Provided records:
━━━━━━━━━━━━━━━━━━━━━━━━━━━━━━
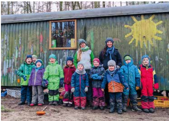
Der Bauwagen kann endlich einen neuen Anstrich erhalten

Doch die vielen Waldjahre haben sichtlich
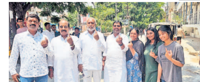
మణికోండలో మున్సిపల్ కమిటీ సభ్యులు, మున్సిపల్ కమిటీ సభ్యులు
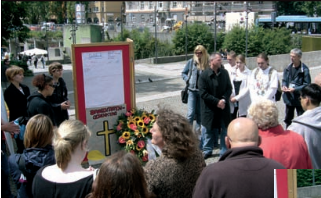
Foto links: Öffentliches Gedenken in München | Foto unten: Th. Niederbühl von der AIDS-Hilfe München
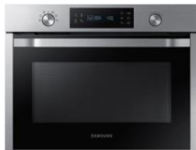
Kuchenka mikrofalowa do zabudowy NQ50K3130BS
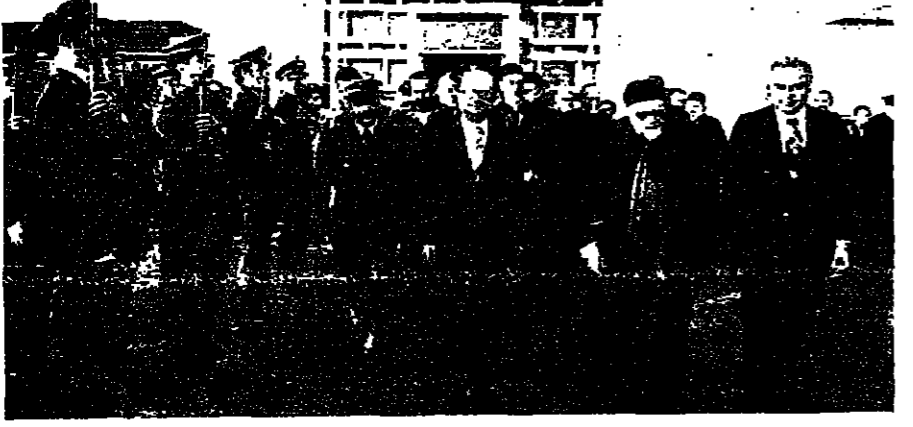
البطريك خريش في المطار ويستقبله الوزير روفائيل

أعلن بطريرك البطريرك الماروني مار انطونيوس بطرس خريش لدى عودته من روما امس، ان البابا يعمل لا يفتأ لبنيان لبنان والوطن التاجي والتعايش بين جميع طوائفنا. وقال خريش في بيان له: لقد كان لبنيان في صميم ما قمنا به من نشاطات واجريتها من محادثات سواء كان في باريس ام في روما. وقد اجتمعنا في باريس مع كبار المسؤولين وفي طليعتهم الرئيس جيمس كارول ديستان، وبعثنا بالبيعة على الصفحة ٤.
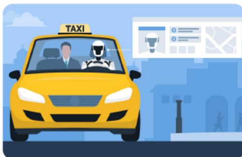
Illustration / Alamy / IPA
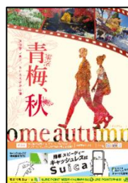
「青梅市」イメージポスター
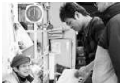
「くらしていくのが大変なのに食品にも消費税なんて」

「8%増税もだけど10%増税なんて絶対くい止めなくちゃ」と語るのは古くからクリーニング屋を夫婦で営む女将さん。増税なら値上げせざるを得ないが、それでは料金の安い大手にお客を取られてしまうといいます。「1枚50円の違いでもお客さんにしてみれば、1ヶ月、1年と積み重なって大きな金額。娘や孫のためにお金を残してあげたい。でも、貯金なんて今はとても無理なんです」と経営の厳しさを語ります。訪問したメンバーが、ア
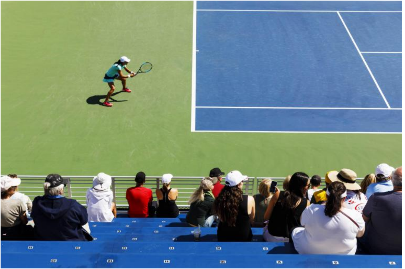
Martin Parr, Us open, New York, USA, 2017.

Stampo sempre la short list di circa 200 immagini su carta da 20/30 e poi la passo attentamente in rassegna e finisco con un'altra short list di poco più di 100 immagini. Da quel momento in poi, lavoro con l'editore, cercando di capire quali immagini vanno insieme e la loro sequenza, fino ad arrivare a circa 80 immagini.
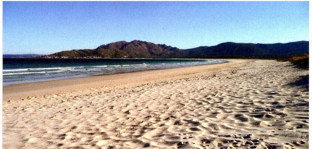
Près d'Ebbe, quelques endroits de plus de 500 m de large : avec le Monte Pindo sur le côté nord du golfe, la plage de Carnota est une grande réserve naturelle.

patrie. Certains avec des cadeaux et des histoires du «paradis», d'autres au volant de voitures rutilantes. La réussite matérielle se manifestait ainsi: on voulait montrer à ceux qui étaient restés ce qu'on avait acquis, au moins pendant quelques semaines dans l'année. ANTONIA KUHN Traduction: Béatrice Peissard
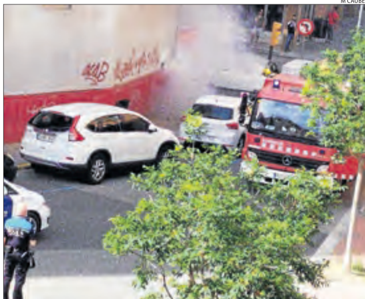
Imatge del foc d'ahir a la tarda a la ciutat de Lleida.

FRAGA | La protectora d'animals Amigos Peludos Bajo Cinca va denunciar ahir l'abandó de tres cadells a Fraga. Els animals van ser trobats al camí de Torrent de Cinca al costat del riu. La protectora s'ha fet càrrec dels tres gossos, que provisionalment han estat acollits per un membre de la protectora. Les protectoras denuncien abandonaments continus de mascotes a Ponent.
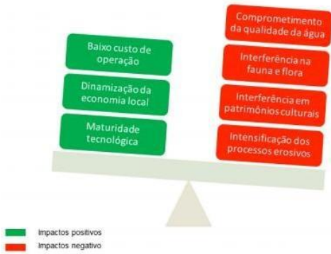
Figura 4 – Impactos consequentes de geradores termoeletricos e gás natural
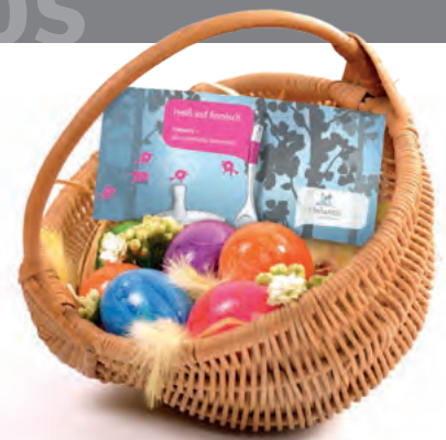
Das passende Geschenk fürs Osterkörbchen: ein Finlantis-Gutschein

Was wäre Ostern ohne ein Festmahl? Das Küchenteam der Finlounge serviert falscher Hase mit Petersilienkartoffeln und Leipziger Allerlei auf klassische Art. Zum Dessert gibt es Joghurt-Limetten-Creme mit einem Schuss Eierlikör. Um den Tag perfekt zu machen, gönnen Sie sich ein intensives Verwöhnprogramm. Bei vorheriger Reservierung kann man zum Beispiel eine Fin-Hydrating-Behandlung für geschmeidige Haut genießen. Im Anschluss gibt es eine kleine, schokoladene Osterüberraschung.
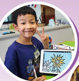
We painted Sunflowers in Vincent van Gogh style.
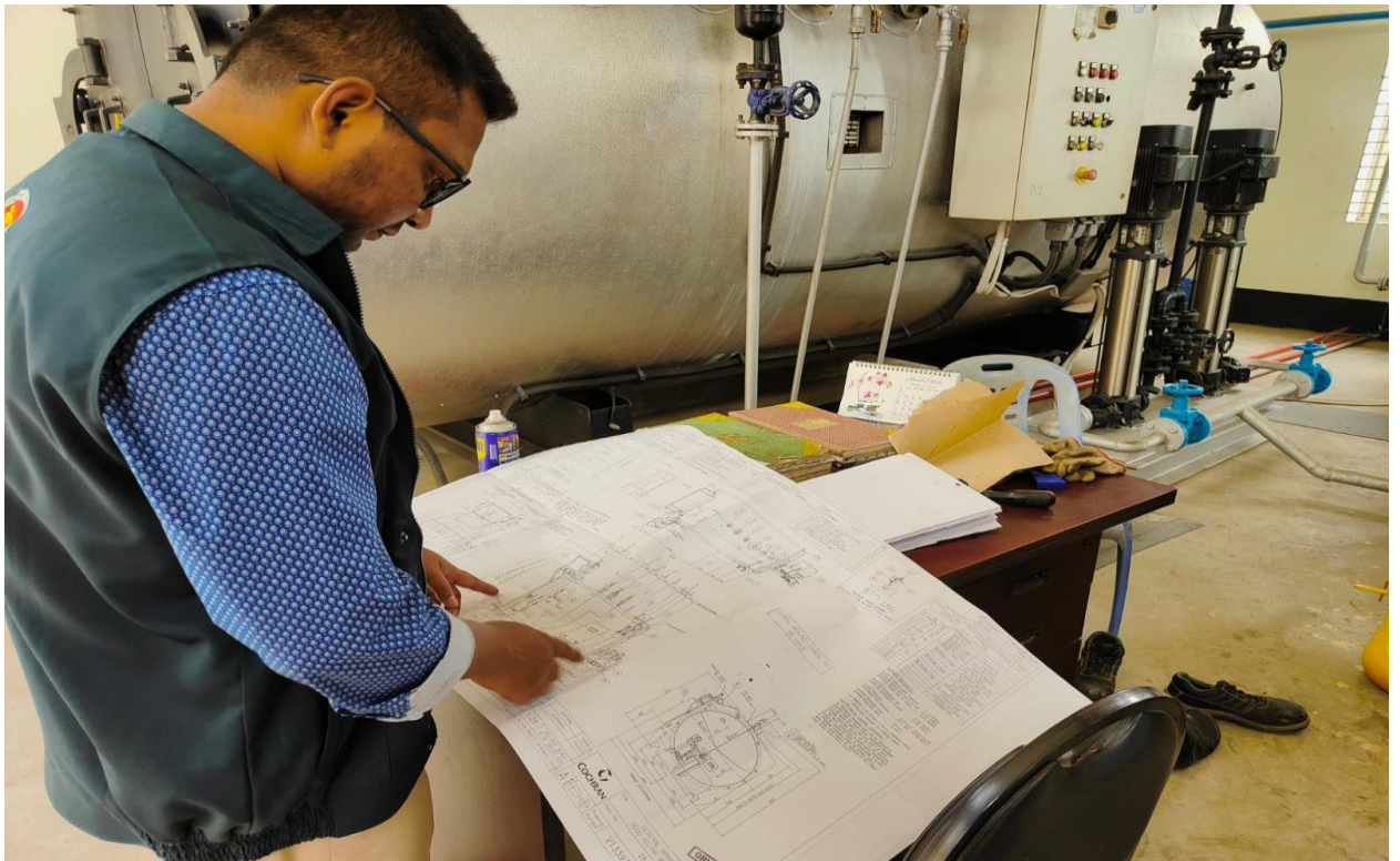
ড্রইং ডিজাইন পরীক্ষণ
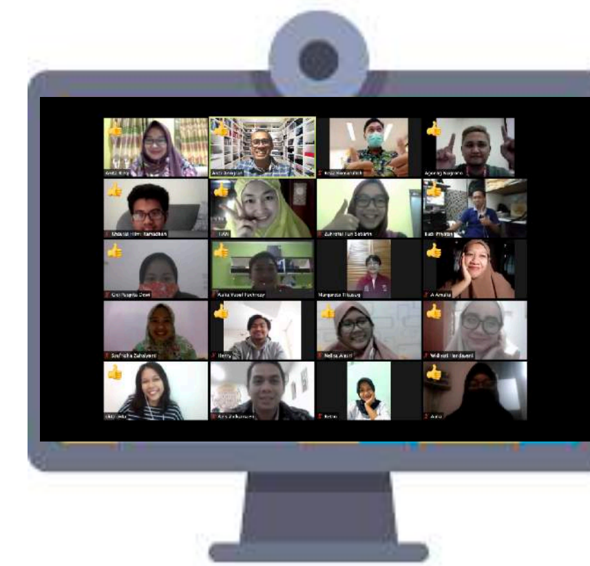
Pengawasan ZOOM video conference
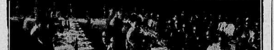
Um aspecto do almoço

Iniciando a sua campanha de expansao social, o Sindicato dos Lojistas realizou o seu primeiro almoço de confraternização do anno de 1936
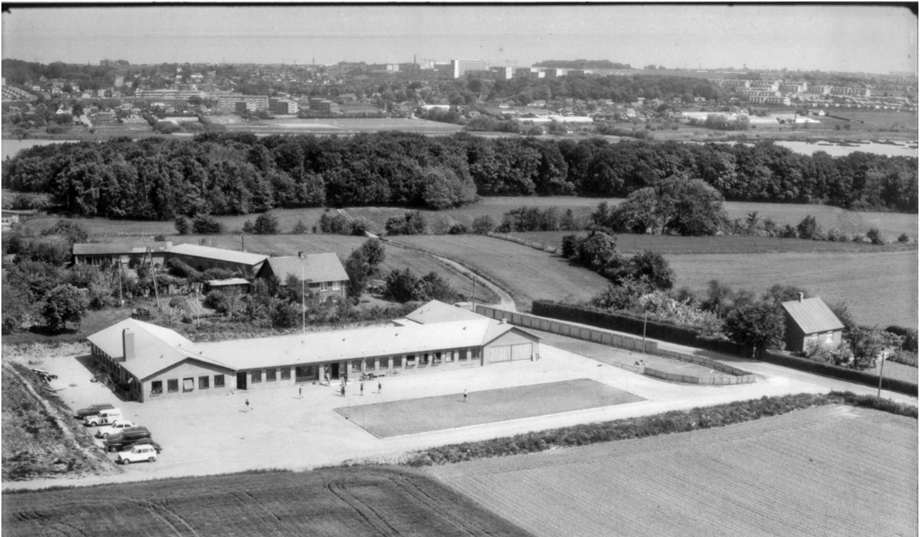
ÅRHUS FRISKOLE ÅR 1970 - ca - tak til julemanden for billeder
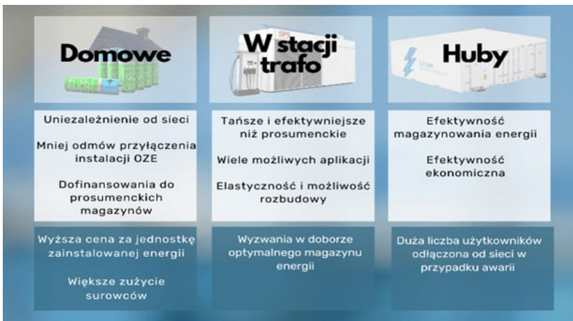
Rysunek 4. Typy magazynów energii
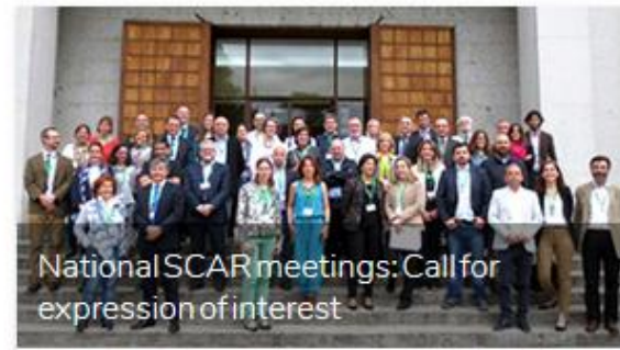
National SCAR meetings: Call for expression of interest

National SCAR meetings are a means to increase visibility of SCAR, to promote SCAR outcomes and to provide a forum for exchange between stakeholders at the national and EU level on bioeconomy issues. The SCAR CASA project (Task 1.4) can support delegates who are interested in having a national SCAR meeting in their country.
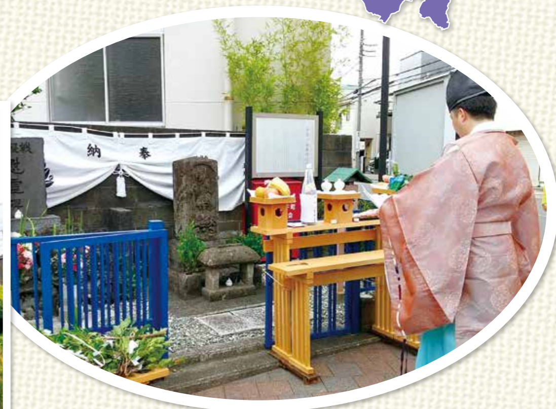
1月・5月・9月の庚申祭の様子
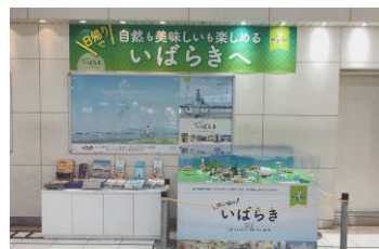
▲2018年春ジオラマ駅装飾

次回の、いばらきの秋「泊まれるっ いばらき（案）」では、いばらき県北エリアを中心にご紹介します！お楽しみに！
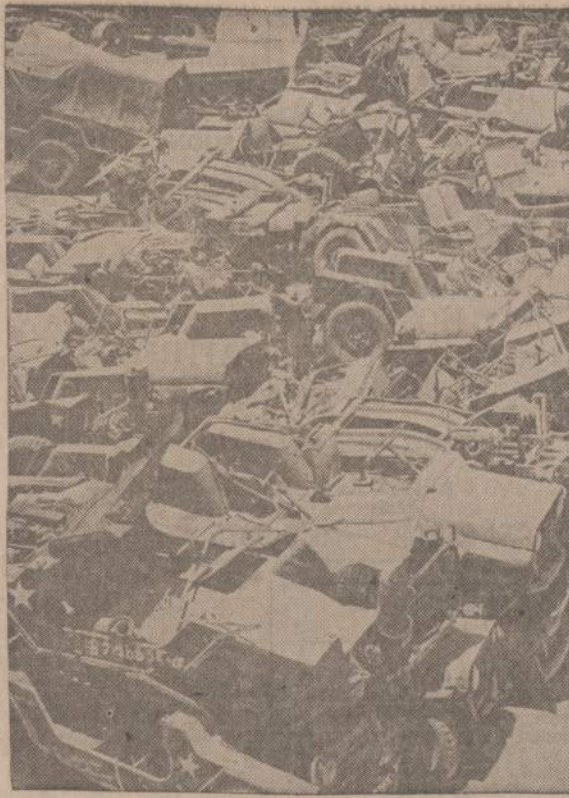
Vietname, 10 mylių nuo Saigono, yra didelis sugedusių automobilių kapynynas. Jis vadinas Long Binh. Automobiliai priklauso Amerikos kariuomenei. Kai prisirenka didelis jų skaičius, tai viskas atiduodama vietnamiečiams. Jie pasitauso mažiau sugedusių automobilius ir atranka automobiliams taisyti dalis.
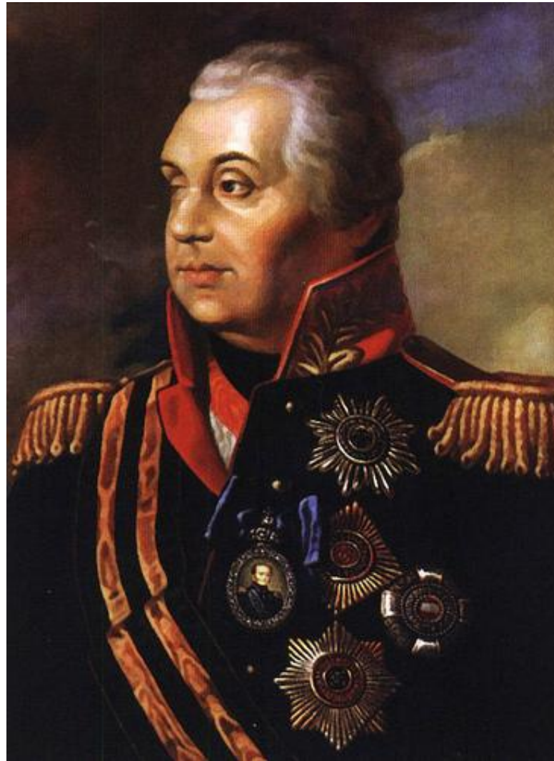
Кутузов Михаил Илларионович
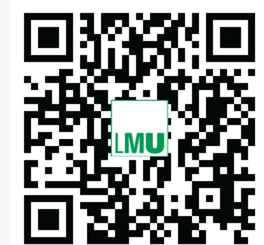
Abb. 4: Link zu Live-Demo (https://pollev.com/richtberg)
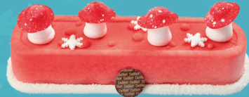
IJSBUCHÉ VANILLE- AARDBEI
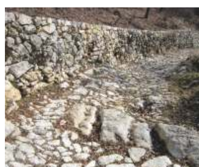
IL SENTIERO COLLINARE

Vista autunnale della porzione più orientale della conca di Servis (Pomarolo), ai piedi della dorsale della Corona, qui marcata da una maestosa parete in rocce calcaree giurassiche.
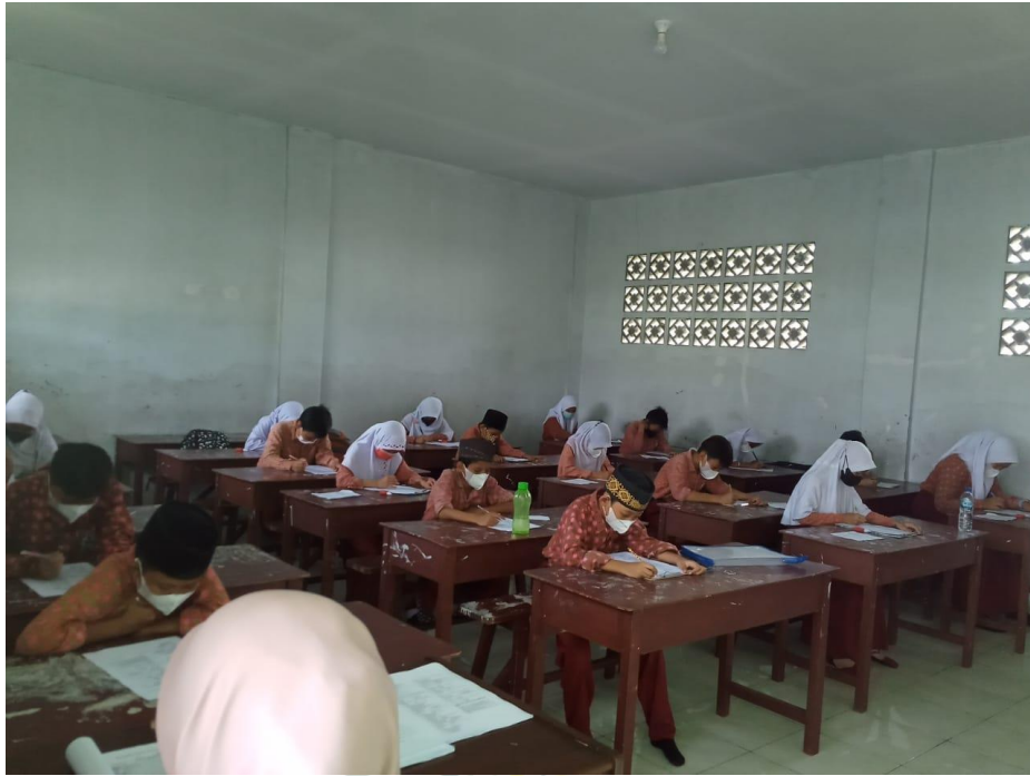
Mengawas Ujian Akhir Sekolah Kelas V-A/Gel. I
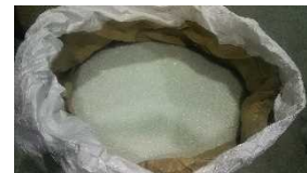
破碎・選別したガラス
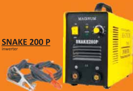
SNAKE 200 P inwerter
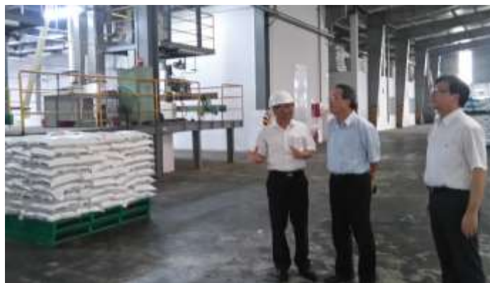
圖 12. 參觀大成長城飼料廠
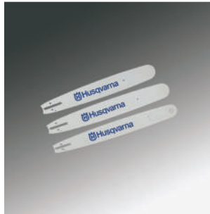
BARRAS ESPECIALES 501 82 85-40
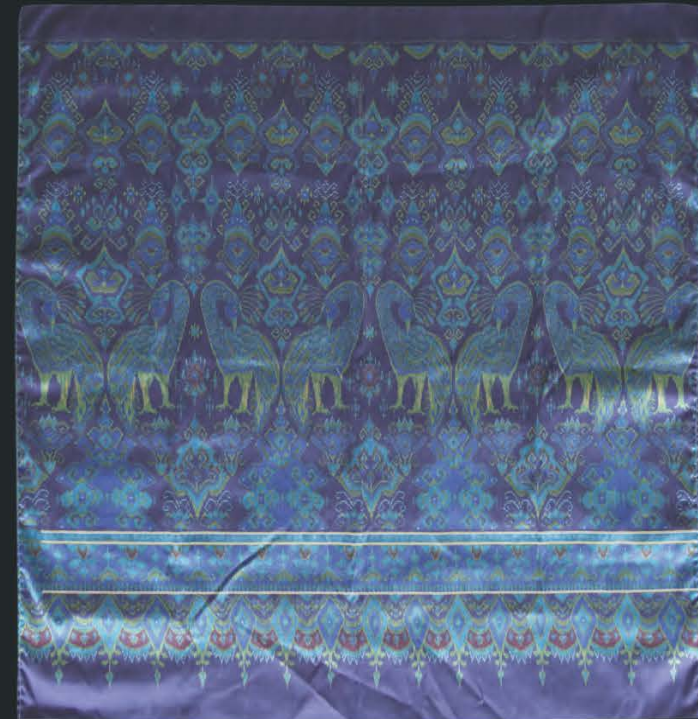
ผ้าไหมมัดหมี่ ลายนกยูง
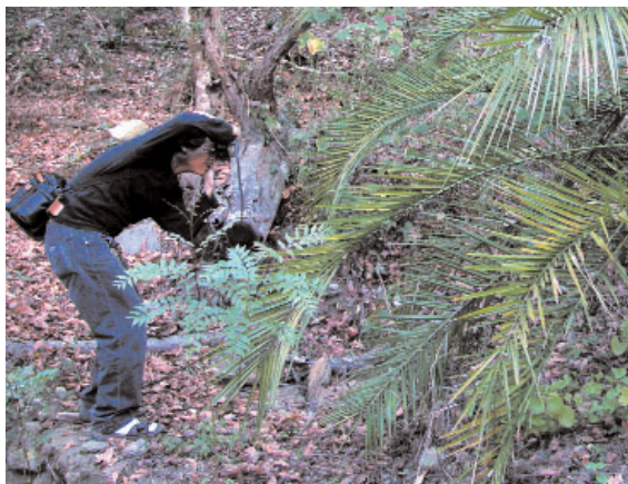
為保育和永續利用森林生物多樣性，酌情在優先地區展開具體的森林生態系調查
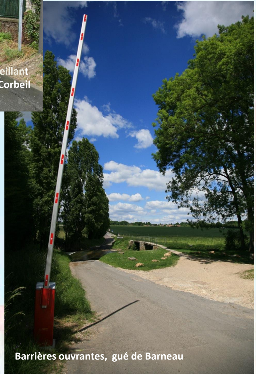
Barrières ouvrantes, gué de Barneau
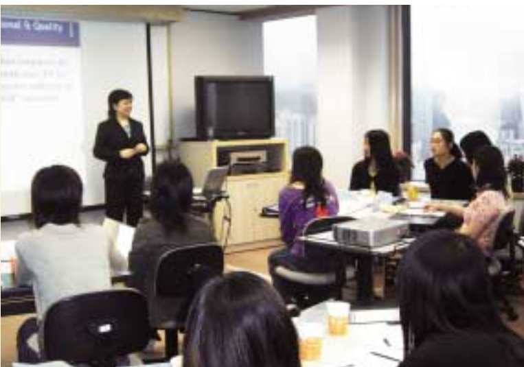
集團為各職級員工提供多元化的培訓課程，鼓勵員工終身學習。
━━━━━━━━━━━━━━━━━━━━━━━━━━━━━━
Instructions for the task: What is needed is an exact copy of every line from the one with "BARRAS ESPECIALES 501 82 85-40" to the end of the listing above, with the pictures left out.

The answer:
BARRAS ESPECIALES 501 82 85-40
ผ้าไหมมัดหมี่ ลายนกยูง
為保育和永續利用森林生物多樣性，酌情在優先地區展開具體的森林生態系調查
Barrières ouvrantes, gué de Barneau
集團為各職級員工提供多元化的培訓課程，鼓勵員工終身學習。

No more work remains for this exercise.